Surely a law which prevents the bebtor from discharging a bond in the manner and with the funds with which it could have been discharged when made,-in which it was agreed, when it was made, it might be discharged,-is void for precisely the same reason. The wit of man can observe no difference.
It seems to us that this is a case in which it needs only to apply to the most trite and ordinary principles of law and honesty. Fides observanda est, is a maxim older than the law. Upon its observance depend all reverence for government, all respect for authority, all confidence in mankind, all law, and the whole system of morals. If the decision of the court below [51 U.S. 190, 198] is the law of the land, and a true application of the national Constitution, let Punica fides cease to be a proverb. That such a doctrine could be announced anywhere among us goes far to prove that America was first discovered and peopled by the Phoenicians.
The conduct of nations is governed by the same rules of morality and honesty that govern individuals. The day has gone by, at least on this continent, when power can sanction and justify iniquity. Might no longer makes right. Thanks to our national Constitution, a new code of national morality has sprung into existence; and it is no longer possible for a state, even if she be plen a fide a sovereignty, to violate her solemn pledges, and make her firmest faith as cheap as the empty wind.

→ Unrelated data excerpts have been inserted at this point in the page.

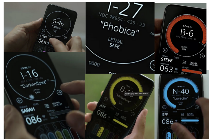
Grafico de estadísticas sobrevivientes ataque 9/11

antidepressants and opioids. In general, nearly a million individuals have died in the United States from drug overdoses since 2000. This is the next concern that will arise if this sort of medicine is used. What you want to know about these chemicals is how accurate they are with emotions and how they effect each and every individual and the environment. What you notice about these substances is how exactly they are with emotions and how they influence each and every individual, and the intake isn't unpleasant; in fact, these sorts of chemicals are simpler to administer and offer.
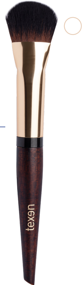
STEP 3 - Blend: Puffy and flowy brush
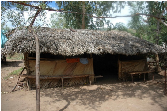
Above: typical housing for the poorest community members

Importantly, official statistics demonstrate the burden that poverty places on women and girls in the area. Only 19% of women are engaged in economic activity (compared to the national average of 31.3%). The difficulty of accessing the closest hospital seriously inhibits good health; for example, only 43 of 1,565 births (3%) occurred in a hospital in 2010. One in four women are illiterate, less than 3% of girls are enrolled in secondary school (compared to the national average of 17.9%), and half the female population has never attended school at any level. Of the 1,420 houses in Iliomar, 83% do not provide sufficient protection against the elements. 96% of families still cook with wood. Only 23% have sanitation and only 17% have electricity.
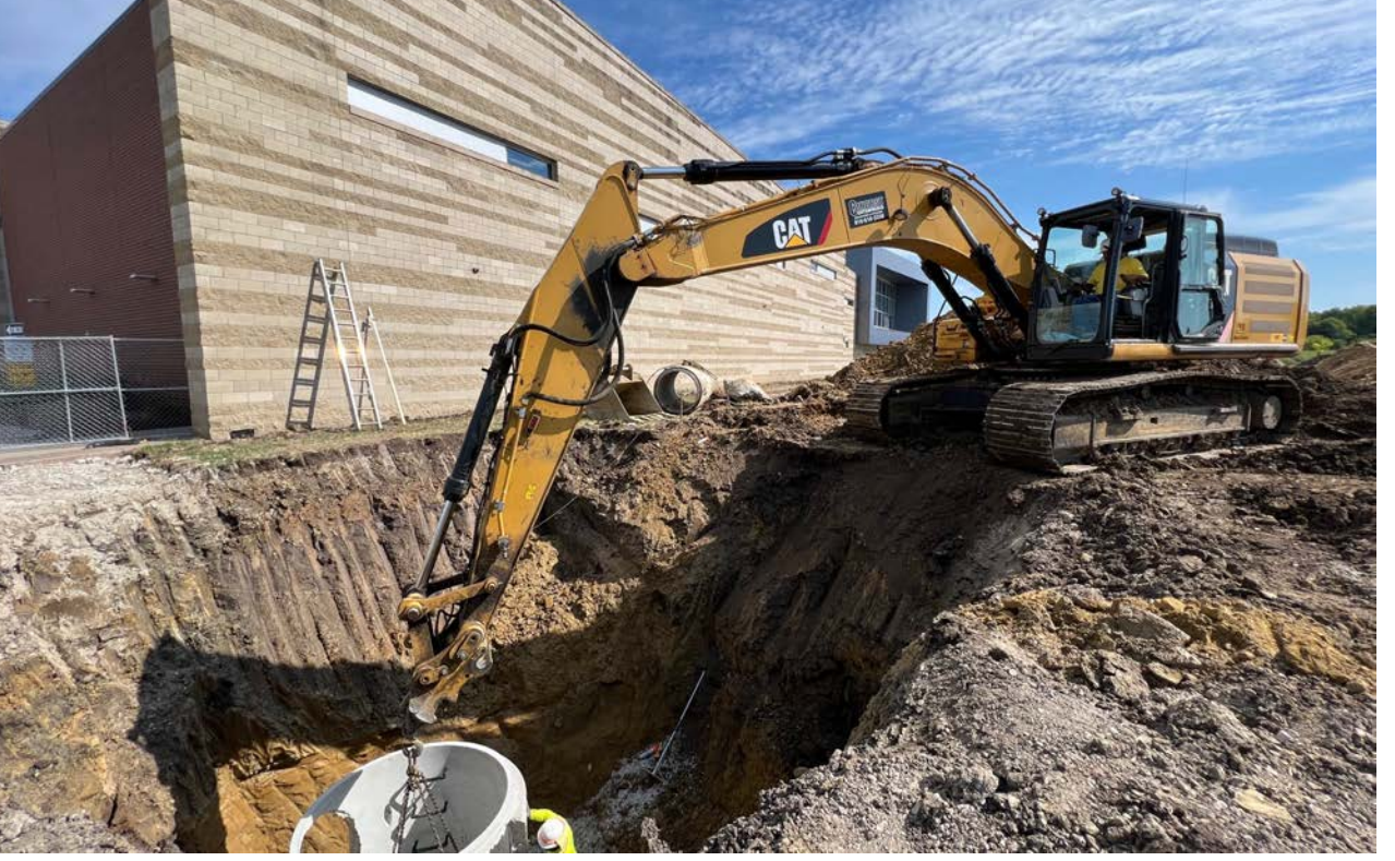
Scope: Multipurpose addition at Aubry Bend Middle School.

Currently kicking off the following projects:
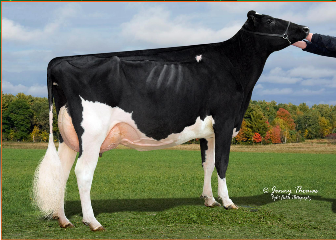
Benrise Duplex Arienne EX-95 2E 2X GRAND CHAMPION TN STATE HOLSTEIN SHOW 1ST AGED COW & HM SR. CHAMPION NAILE '17 Dam of Lots 9-12
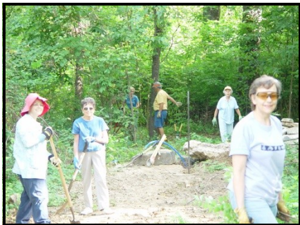
Above: Members of the River Bluffs Audubon society and other local volunteers provided the "manpower" that made this bird garden a reality!
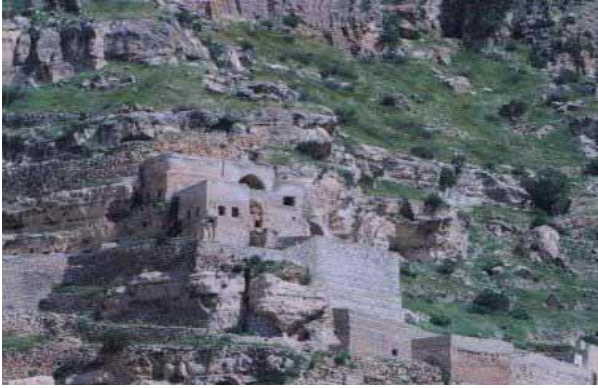
7 th cen. Assyrian monastery of St. Hurmizd at Alqosh

However, Christianity already flourished among the Assyrians of northern
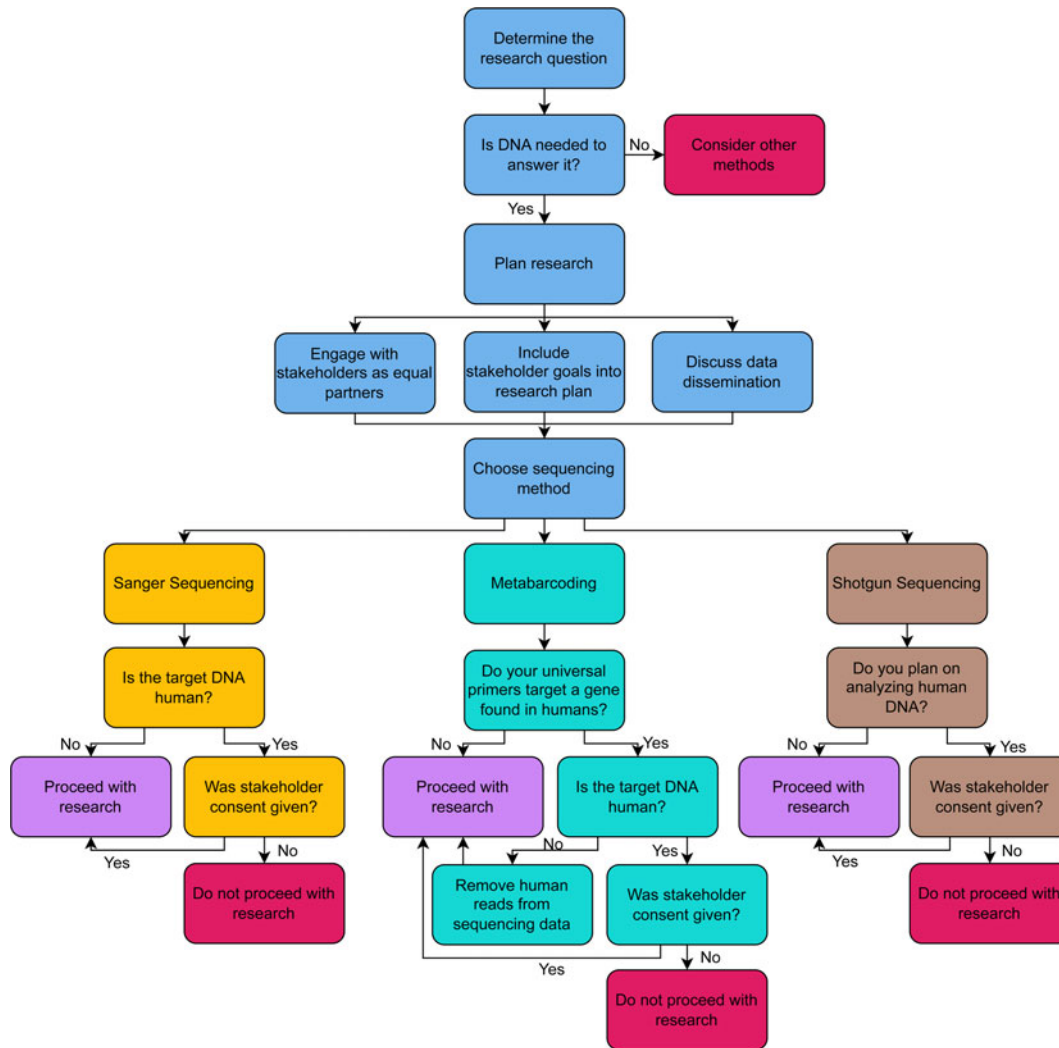
FIGURE 3. Example research flow for planning composite genetic research. First, a research question is established, and whether DNA analysis is needed to answer it is considered. Researchers collaboratively engage with stakeholders, integrate stakeholder goals into the research plan, and discuss data dissemination. The sequencing method can be chosen based on the type of data needed and whether stakeholder consent was given.

comprehensive and do not offer aDNA or composites the same protections and regulations as Ancestor remains and living subjects (Fleskes et al. 2022), they can act as a baseline when planning research. In a fully collaborative, open framework, community partners are included in the creation and implementation of the research plan, and their research goals are equally considered to those of the researchers (Alpaslan-Roodenberg et al. 2021; Fox and Hawks 2019; Matisoo-Smith 2019; Sirak and Sedig 2019; Wagner et al. 2020). This improves research transparency, expands research goals, and helps establish relationships of trust between researchers and other stakeholders (Claw et al. 2018; Handsley-Davis et al. 2021; Tackney and Raff 2019).

One is grieved and ashamed to be compelled to argue a question like this in the nineteenth century, and under a free government. Perhaps it would have been better to say, with Judge Story, in Thorndike v. The United States, 2 Mason, 1:-'By the statutes of the United States, under which treasury notes have from time to time been issued, it is enacted, that all such notes shall be receivable in payments to the United States, for duties, taxes, and sales of public lands, to the full amount of principal and interest accruing, due on such notes. It follows, of course, that they are a legal tender in payment of debts of this nature due to the United States, and by the very tenor of the act public officers are bound to receive them.'
Mr. Sebastian, for the defendant in error, laid down the following propositions:--
That the twenty-eighth section of the charter was not a contract within the meaning of the prohibitory clause of the Constitution of the United States.
That it was simply a law, in its just and legitimate sense, and as such repealable by the legislature at any time.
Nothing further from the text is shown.